- _What the task asks_:
Reproduce word for word, from the entries below, the line with "Portable Travel Tea", the line with "2.1.3. Overexpression of", and every line between them, and nothing more.

- _Extracted data_:
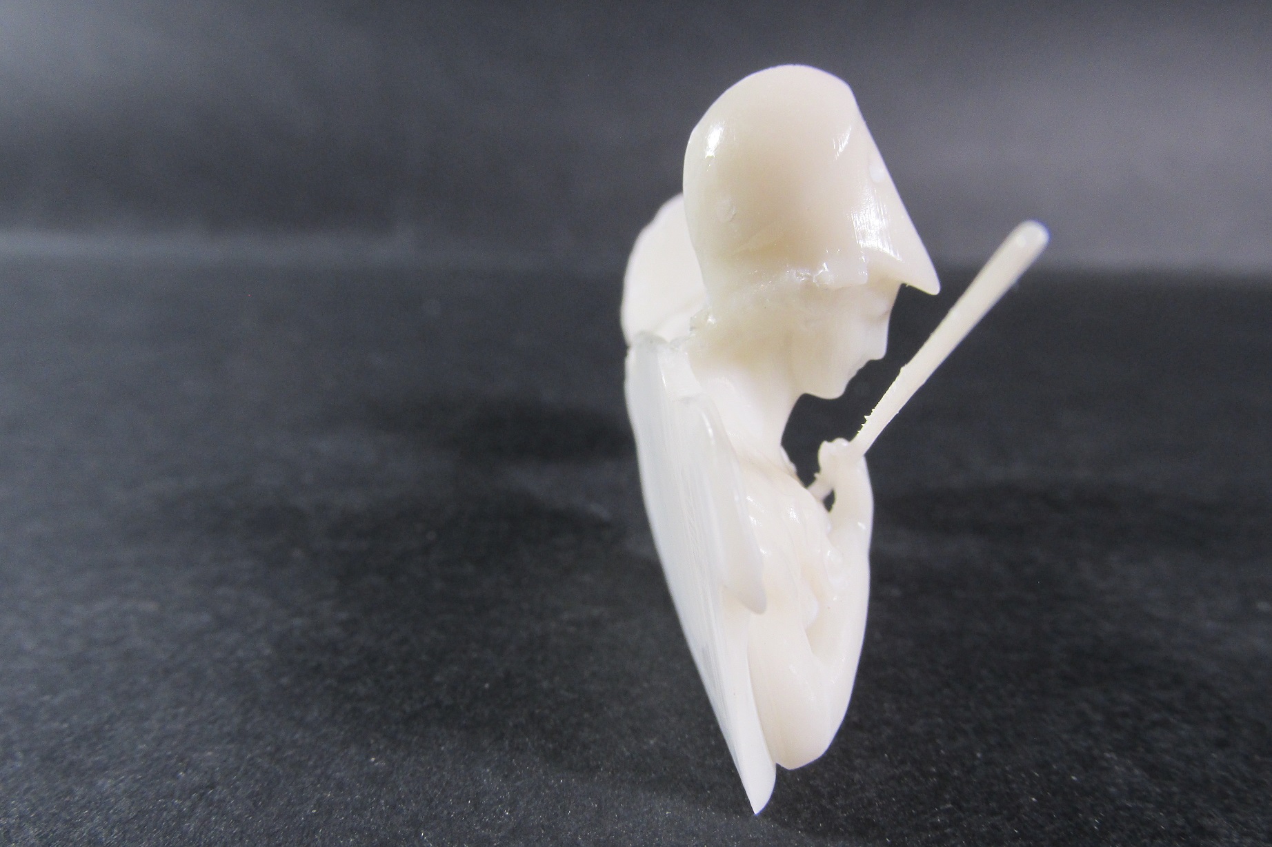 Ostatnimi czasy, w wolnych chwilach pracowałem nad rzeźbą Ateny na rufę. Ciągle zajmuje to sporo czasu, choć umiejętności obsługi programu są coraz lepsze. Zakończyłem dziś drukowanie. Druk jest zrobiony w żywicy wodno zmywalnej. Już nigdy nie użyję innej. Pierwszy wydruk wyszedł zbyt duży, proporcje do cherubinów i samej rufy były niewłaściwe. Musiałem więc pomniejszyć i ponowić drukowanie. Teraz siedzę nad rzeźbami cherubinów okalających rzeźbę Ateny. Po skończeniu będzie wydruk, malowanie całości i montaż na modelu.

* * *

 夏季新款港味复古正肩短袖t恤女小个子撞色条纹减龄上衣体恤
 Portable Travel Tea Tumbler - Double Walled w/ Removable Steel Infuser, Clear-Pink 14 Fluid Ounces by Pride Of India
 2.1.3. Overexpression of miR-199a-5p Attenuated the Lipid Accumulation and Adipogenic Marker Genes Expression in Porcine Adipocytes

- _Response to this task_:
 Portable Travel Tea Tumbler - Double Walled w/ Removable Steel Infuser, Clear-Pink 14 Fluid Ounces by Pride Of India
 2.1.3. Overexpression of miR-199a-5p Attenuated the Lipid Accumulation and Adipogenic Marker Genes Expression in Porcine Adipocytes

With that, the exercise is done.